In San Francisco’s overheated rental market, many landlords are jumping at the opportunity to increase rents. Some are doing so by evicting tenants in rent-controlled apartments in order to bring those units up to market rate.
The unintended consequence: a growing number of local teachers are being displaced from their affordable housing units and have nowhere to go. Many have to quit their jobs and relocate elsewhere altogether.
Not only do teachers suffer, but so do their students. When a teacher leaves, it creates a mid-year disruption in the classroom. The school district has been struggling to back fill these positions with new teachers, creating even more classroom instability. San Francisco already faces a teacher shortage because so few can afford to live within city limits.
As of February 2016, the average 1-bedroom apartment in San Francisco was listed for $3,500 while a 2-bedroom apartment fetches more than $4,700 on the open market. Meanwhile, salaries for credentialed teachers start at less than $3,400 a month and paraprofessionals earn an average of just $2,083 per month.
“[Educators] are moderate wage earners,” says Sandra Lee Fewer, a commissioner for the Board of Education. “They cannot compete” in today’s real estate market.
That’s why a San Francisco city councilor has introduced municipal legislation that would make it harder for landlords to initiate no-fault evictions against educators at San Francisco schools or child care centers—many of whom rely on rent-controlled apartments—during the school year.
“We cannot legally stop landlords from evicting people. But what we are doing through this legislation is making sure that educators are not evicted from their homes during the school year, when it negatively impacts not just their lives, but the lives of their students and the entire school community,” says councilor David Campos, the sponsor of the bill.
The legislation is similar to that already in place to protect families with children from no-fault evictions during the school year. Campos’ bill would make an exception for Ellis Act evictions, in which the landlord evicts tenants with the intention of taking the property off the market altogether (e.g. for personal use).
The call for heightened teacher protections comes after the eviction of a San Francisco elementary school teacher last year.
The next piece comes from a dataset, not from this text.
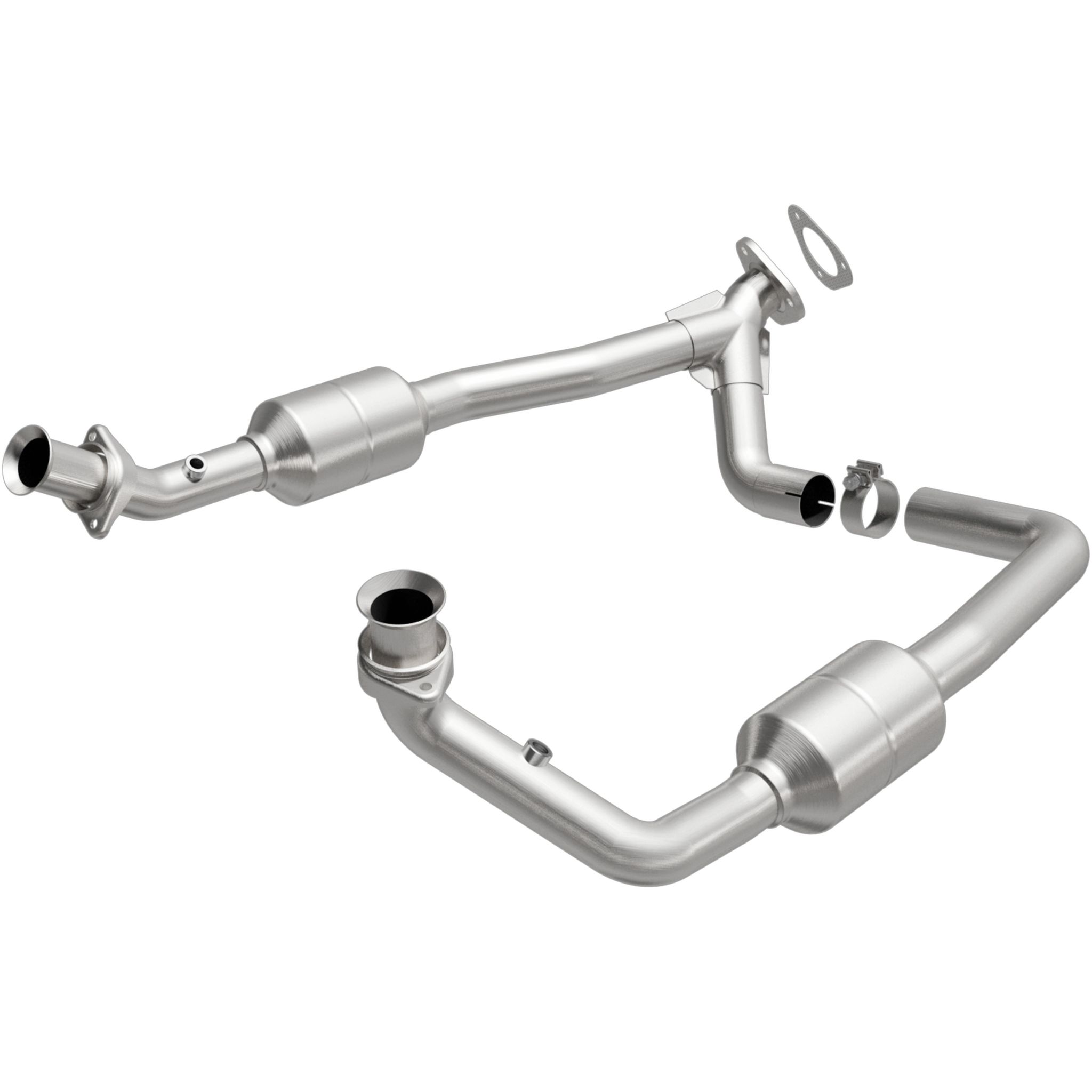 Keep the check engine light off with MagnaFlow OEM Grade Federal/EPA Compliant Direct-Fit Catalytic Converter 51378. With features including free-flowing mandrel-bent tubing and highly corrosion resistant stainless steel construction, easily install this spun body converter yourself using the proper tools, no cutting or welding required. MagnaFlow's state-of-the-art metrology department uses the latest 3D scanning systems during research and development, so you can be confident that your new part will fit and function like the original equipment. By replicating the OE spun body design, the single laser fusion weld greatly reduces the possibility of a leak, and our compact, low-mass design also allows for greater thermal efficiency. Designed to fit the 2000-2003 Ford E-350 Super Duty, 2000-2002 Ford E-250 Econoline, and more, this direct-fit catalytic converter also interchanges with OE parts 1C2Z-5F250-BA and YC2Z-5F250-AA, among others. Avoid potential exhaust leaks by using the included gaskets to get a proper seal. This replacement part is designed to meet or exceed Federal emissions requirements set forth by the EPA, complying with legal standards for OBDII Federally registered vehicles with California or Federal/EPA Emission systems.

Despite being an “ideal tenant” in the apartment she had rented for nearly a decade, Allison Leshefsky was bullied relentlessly by Anne Kihagi, a notorious Bay Area landlord who purchased Leshefsky’s apartment building two years ago. Leshefsky was forced to temporarily vacate her apartment while Kihagi made capital improvements—but the landlord has continued to find ways to prevent Leshefsky from moving back in, like cutting off her water and verbally threatening her.
Nowhere else to go, Leshefsky found herself couch surfing with friends. “I couldn’t sleep or eat. All my spare time was spent trying to find a place to live. I was unable to give [my students] the attention they needed,” she says. “If I didn’t have to go through this eviction during the school year, my time with my students would be much better served.”
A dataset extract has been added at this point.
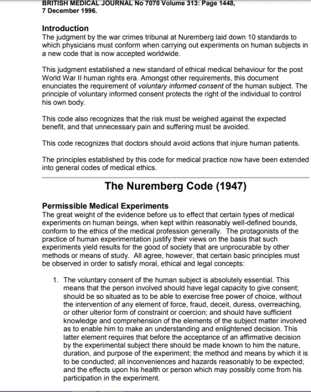 Nuremberg Code #1: Voluntary Consent is Essential

Yet property owners are quick to acknowledge that few landlords are as ruthless as Anne Kihagi. By and large, the majority of landlords only evict tenants in accordance with the law. That’s why San Francisco landlords are up in arms about the proposed legislation.
A representative from the Small Property Owners of San Francisco (SPO SF) explains that no-fault evictions are already expensive for landlords because of all the protections in place. Long notice periods can last anywhere from 60 days to six months, depending on the circumstance, and extensions are routinely granted which delay the process even further. The new law would create a “protected class” instead of warranting a case-by-case review. What’s more, it could make finding an apartment even more difficult for teachers.
“Creating a blanket rule for all public school teachers is a strong incentive for owners to avoid renting to public school teachers altogether,” says Noni Richen, president of SPO SF.
At a minimum, landlords want to see the language in the legislation tightened.
“We have to make sure the language is such that it doesn’t open the door for a lot of other people to fall into the school teacher [category] that may really not need this assistance,” says Janan New of the San Francisco Apartment Association.
The legislation is still before the City Council for consideration. If passed, San Francisco would be the first city in the nation to ban the eviction of teachers from their homes during the school year.